Without pictures, repeat the lines of the entries from the one containing "blocchetto di contatti" through the last, both ends included, and nothing else.

========

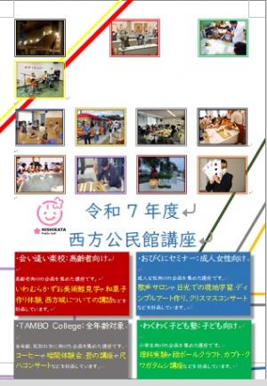 その他 | 西方公民館は、地域の生涯学習拠点として、各種学級・講座を開設し、地域のみなさまの学習や仲間づくりをお手伝いするとともに、地域の学習サークルや社会教育団体に活動の場を提供しています。 |
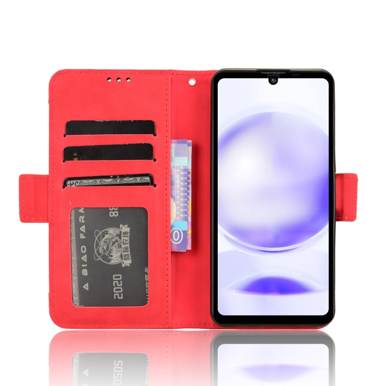 Funda de Cuero para Sharp Aquos Sense8 Skin Feel con Textura de Becerro y Ranuras para Tarjetas (Rojo)
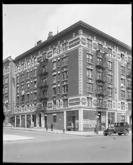 104th Street at the N.W. corner of West End Avenue. Apartment house.
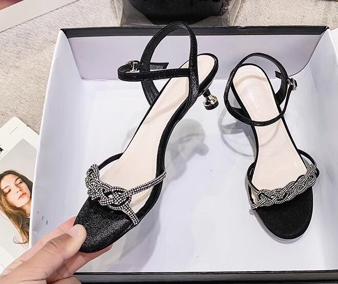 ストラップは編み込みベルトで、ラインストーンがキラキラと輝き、脚長効果も抜群です♪
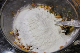 7.Make some holes with your finger and add a drop of oil in each of the holes, you can add more oil if you like crispier sarvapindi.
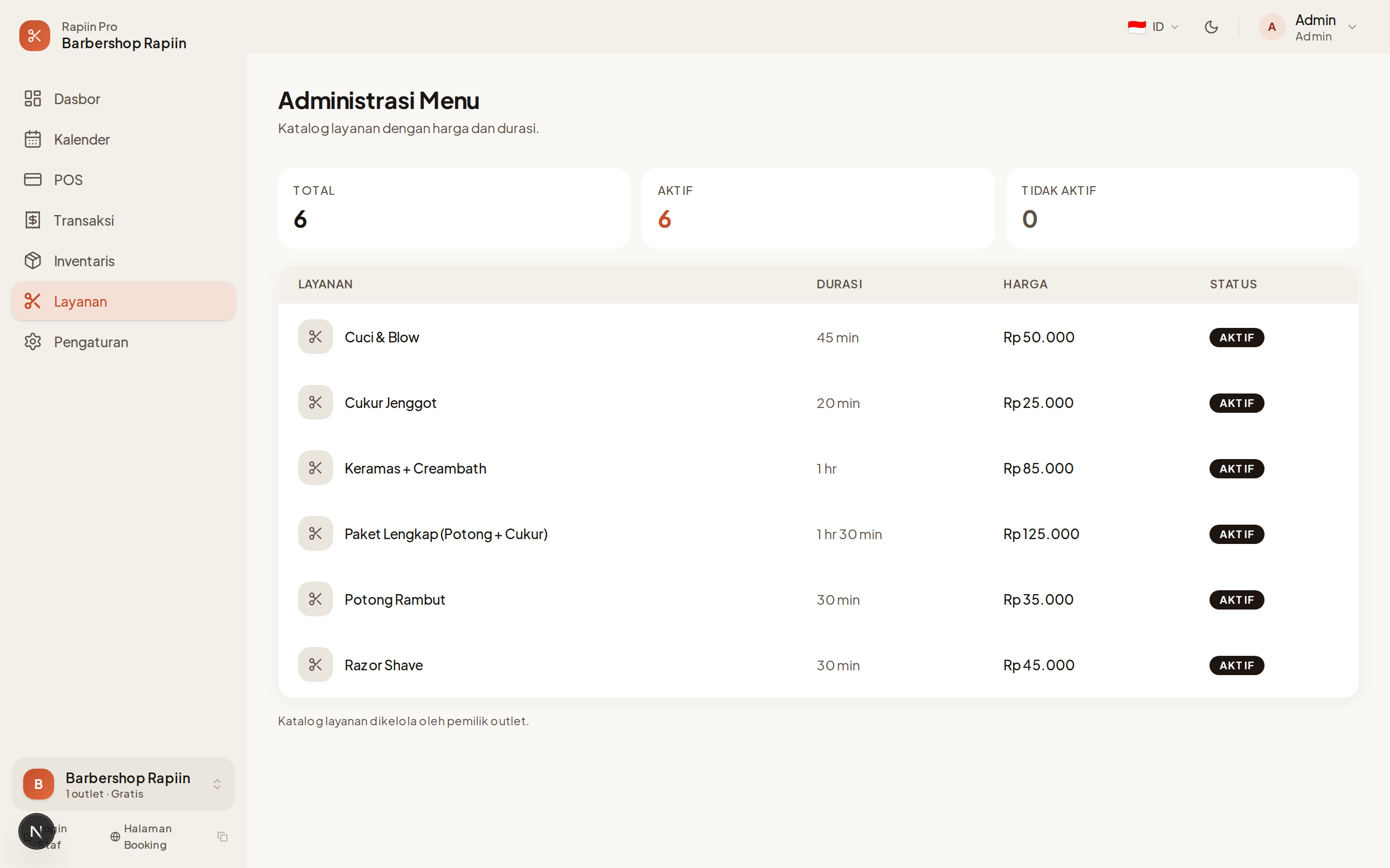 Untuk mengubah atau menambah layanan, hubungi pemilik outlet. Pengelolaan layanan hanya bisa dilakukan dari dashboard pemilik.
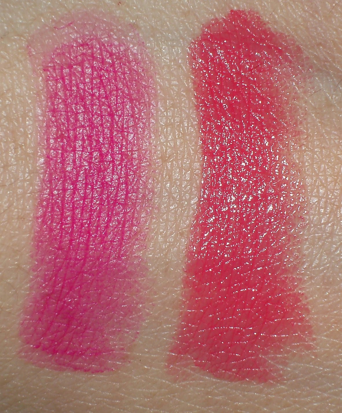 I picked the brightest shades of course. Separately, they both look red. Next to each other, Sultry Samba shows a lot more blue and a semi matte texture, while Snow Peach looks coral red and shiny.
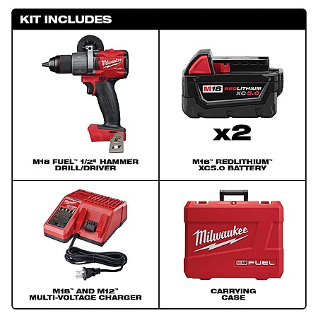 Model: M18 Fuel 18-Volt Lithium-Ion Brushless Cordless 1/2 in. Hammer Drill Driver Kit with Two 5.0 Ah Batteries and Hard Case
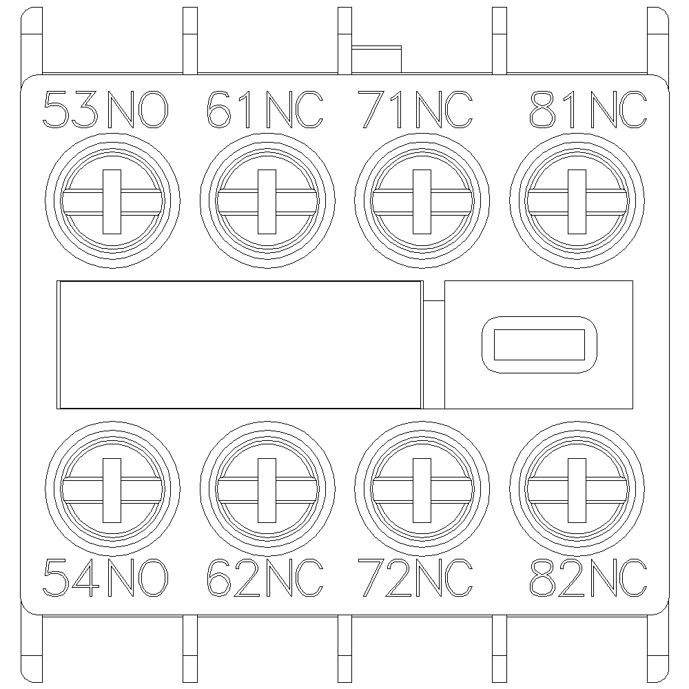 blocchetto di contatti ausiliari, sul lato frontale, 1 NO + 3 NC, 53/54, 61/62, 71/72, 81/82, via di corrente: 1 NO, 1 NC, 1 NC, 1 NC, morsetti a vite, con codifica fisica, solo con contattori ausiliari 3RH2140 e 3RH2440 combinabili (secondo EN 50011) contatto ausiliario SIRIUS 3RH29 per lampliamento dei contatti ausiliari nel circuito di comando. I blocchetti di contatti ausiliari frontali 3RH29 possono essere montati senza attrezzi indipendentemente dalla grandezza costruttiva sui contattori 3RT2 e suicontattori ausiliari 3RH2. I blocchetti di contatti ausiliari 3RH19/3RH29 sono fornibili come varianti per il montaggio frontale o laterale, con fino a quattro contatti NO con commutazione istantanea o fino a due contatti NO e NC anticipati. I blocchettidi contatti ausiliari possono essere in esecuzione con elementi di contatto a guida forzata in contattori ausiliari 3RH o anche come contatti speculari in contattori di potenza 3RT. Essi sono sempre fornibili con morsetti a vite e morsetti a molla. Semplice, efficiente, sempre attuale - il sistema modulare SIRIUS.
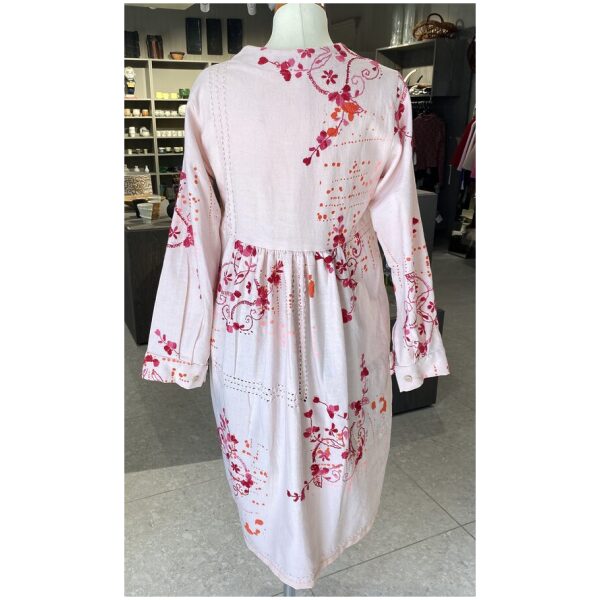 Redesignet kjole med lommer foran, trykk og broderi

========

Reply to the task:
 blocchetto di contatti ausiliari, sul lato frontale, 1 NO + 3 NC, 53/54, 61/62, 71/72, 81/82, via di corrente: 1 NO, 1 NC, 1 NC, 1 NC, morsetti a vite, con codifica fisica, solo con contattori ausiliari 3RH2140 e 3RH2440 combinabili (secondo EN 50011) contatto ausiliario SIRIUS 3RH29 per lampliamento dei contatti ausiliari nel circuito di comando. I blocchetti di contatti ausiliari frontali 3RH29 possono essere montati senza attrezzi indipendentemente dalla grandezza costruttiva sui contattori 3RT2 e suicontattori ausiliari 3RH2. I blocchetti di contatti ausiliari 3RH19/3RH29 sono fornibili come varianti per il montaggio frontale o laterale, con fino a quattro contatti NO con commutazione istantanea o fino a due contatti NO e NC anticipati. I blocchettidi contatti ausiliari possono essere in esecuzione con elementi di contatto a guida forzata in contattori ausiliari 3RH o anche come contatti speculari in contattori di potenza 3RT. Essi sono sempre fornibili con morsetti a vite e morsetti a molla. Semplice, efficiente, sempre attuale - il sistema modulare SIRIUS.
 Redesignet kjole med lommer foran, trykk og broderi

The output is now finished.